Enabling Transporter (or other filtered) detection. Class 4 (Transporter) is filtered out by default because SV3DT models each object as a vertical cylinder and assumes the top of the cylinder (the object’s “head”) is visible (see the Single-View 3D Tracking section in the Gst-nvtracker documentation). Payloads on top of transporters typically occlude that head, degrading SV3DT’s 3D foot-location estimate and MV3DT cross-camera fusion. If you still want to enable Transporter detection and tracking, remove 4 from filter-out-class-ids and ensure every per-camera camInfo/<sensor_id>.yml file has a classID: 4 entry in its modelInfo block. The same procedure applies to other filtered classes such as Pallet (class 6).

Input/Output Properties#

Parameter	Description	Default Value
`net-scale-factor`	Scaling factor for preprocessing (1/255)	`0.00392156862745098`
`model-color-format`	Input color format (0=RGB, 1=BGR)	`0`
`infer-dims`	Input dimensions (C;H;W)	`3;640;640`
`maintain-aspect-ratio`	Maintain aspect ratio during preprocessing	`1`
`offsets`	Mean subtraction offsets for preprocessing	`0;0;0`
`output-tensor-meta`	Enable output tensor metadata	`1`
`output-blob-names`	Names of output tensors from the model	`pred_boxes;pred_logits`

Detection and Filtering Properties#

Parameter	Description	Default Value
`pre-cluster-threshold`	Detection confidence threshold	`0.5`
`topk`	Maximum number of top detections to keep per class	`20`
`parse-bbox-func-name`	Custom bounding box parsing function	`NvDsInferParseCustomRTDETRTAO`
`custom-lib-path`	Path to custom parsing library	`/opt/nvidia/deepstream/deepstream/lib/libnvds_infercustomparser.so`

DeepStream Configuration File#

The DeepStream main configuration file (ds-main-config-mv3dt.txt) builds on the DeepStream test5 application configuration and provides essential settings for the overall pipeline. This file controls various aspects of the application, including source configuration, stream multiplexing, message broker settings, and visualization parameters.

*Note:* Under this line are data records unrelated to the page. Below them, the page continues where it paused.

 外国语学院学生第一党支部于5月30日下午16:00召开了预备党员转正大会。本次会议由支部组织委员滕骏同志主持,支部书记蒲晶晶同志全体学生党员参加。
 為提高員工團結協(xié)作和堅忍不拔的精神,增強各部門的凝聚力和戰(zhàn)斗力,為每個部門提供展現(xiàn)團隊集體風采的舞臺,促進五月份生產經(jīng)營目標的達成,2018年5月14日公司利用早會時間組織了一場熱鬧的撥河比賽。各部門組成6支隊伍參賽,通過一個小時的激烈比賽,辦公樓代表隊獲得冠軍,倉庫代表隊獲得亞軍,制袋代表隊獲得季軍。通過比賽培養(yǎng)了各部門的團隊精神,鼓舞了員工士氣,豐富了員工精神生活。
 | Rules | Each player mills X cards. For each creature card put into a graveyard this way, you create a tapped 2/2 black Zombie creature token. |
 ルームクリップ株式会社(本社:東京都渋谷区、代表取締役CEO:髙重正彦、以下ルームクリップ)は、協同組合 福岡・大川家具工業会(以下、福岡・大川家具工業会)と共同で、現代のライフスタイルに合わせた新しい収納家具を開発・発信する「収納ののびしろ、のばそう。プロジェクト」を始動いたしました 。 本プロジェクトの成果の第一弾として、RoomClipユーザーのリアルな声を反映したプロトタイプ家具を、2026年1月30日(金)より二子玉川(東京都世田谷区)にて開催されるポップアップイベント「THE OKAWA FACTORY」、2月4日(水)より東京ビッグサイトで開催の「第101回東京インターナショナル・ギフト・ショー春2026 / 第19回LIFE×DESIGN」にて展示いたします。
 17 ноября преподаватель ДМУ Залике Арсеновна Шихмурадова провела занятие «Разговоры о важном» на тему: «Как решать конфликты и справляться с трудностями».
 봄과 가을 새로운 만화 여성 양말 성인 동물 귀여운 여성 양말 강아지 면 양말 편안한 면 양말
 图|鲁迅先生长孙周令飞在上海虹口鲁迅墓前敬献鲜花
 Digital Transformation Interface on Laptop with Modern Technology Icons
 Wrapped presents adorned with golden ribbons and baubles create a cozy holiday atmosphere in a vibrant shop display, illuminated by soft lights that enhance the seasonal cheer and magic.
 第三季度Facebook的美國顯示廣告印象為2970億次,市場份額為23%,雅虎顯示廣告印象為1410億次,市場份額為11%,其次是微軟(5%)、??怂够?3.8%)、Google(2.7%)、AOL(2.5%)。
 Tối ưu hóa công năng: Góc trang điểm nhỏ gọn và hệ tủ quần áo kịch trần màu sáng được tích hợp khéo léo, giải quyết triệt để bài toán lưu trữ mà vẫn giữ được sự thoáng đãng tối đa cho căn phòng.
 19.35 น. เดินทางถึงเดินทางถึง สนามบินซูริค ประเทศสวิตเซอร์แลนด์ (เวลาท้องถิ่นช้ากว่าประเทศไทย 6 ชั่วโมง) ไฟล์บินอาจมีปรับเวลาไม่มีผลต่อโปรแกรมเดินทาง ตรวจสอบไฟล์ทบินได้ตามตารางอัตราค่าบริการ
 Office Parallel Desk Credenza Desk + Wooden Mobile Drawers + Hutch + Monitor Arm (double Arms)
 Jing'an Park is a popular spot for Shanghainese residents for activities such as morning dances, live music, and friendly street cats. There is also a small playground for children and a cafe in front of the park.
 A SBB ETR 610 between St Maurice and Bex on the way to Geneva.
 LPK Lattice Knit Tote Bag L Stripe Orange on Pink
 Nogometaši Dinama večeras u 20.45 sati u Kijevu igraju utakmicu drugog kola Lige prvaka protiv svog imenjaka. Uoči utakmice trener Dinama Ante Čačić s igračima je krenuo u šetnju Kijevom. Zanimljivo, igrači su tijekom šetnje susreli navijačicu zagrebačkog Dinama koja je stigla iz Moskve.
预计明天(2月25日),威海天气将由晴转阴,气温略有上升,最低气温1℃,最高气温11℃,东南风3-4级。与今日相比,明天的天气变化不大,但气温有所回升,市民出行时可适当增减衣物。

Key Configuration Sections#

Section	Purpose
`[application]`	Controls performance measurement settings and global application parameters
`[source-list]`	Defines input sources (RTSP streams), sensor IDs, and source management settings
`[source-attr-all]`	Configures source attributes like latency handling and reconnection parameters
`[streammux]`	Sets stream multiplexer parameters for batch processing and timestamp handling
`[sink0]` to `[sink3]`	Configures various output sinks (visualization, messaging, file output)
`[primary-gie]`	Specifies the RT-DETR inference engine configuration
`[tracker]`	Configures the `NvMultiObjectTracker` plugin that hosts the MV3DT module

For a complete understanding of all configuration options, refer to the DeepStream SDK Documentation.

Tracker Configuration File#

The tracker configuration files configure the multi-camera tracking component that maintains a single global identity per target across the camera network. The tracker configuration consists of two files:

Tracker plugin configuration in ds-main-config-mv3dt.txt under the [tracker] section
Low-level tracker configuration in ds-mv3dt-tracker-config.yml

RT-DETR performs detection per frame, and the NvMultiObjectTracker low-level library associates detections across time within each camera and across overlapping cameras using the MV3DT module. For detailed information about the tracker plugin parameters, refer to the DeepStream Tracker Plugin Documentation. For detailed information about the MV3DT module, refer to the DeepStream MV3DT Documentation.

Tracker Plugin Configuration (in ds-main-config-mv3dt.txt)

Parameter	Description	Default Value
`enable`	Enable or disable tracker	`1`
`tracker-width`	Frame width at which tracking is performed	`1920`
`tracker-height`	Frame height at which tracking is performed	`1080`
`ll-lib-file`	Low-level tracker library	`/opt/nvidia/deepstream/deepstream/lib/libnvds_nvmultiobjecttracker.so`
`ll-config-file`	Low-level MV3DT tracker configuration file	`ds-mv3dt-tracker-config.yml`
`gpu-id`	GPU ID to use for tracking	`0`
`display-tracking-id`	Display tracking ID in visualizations	`1`

Low-Level Tracker Configuration (ds-mv3dt-tracker-config.yml)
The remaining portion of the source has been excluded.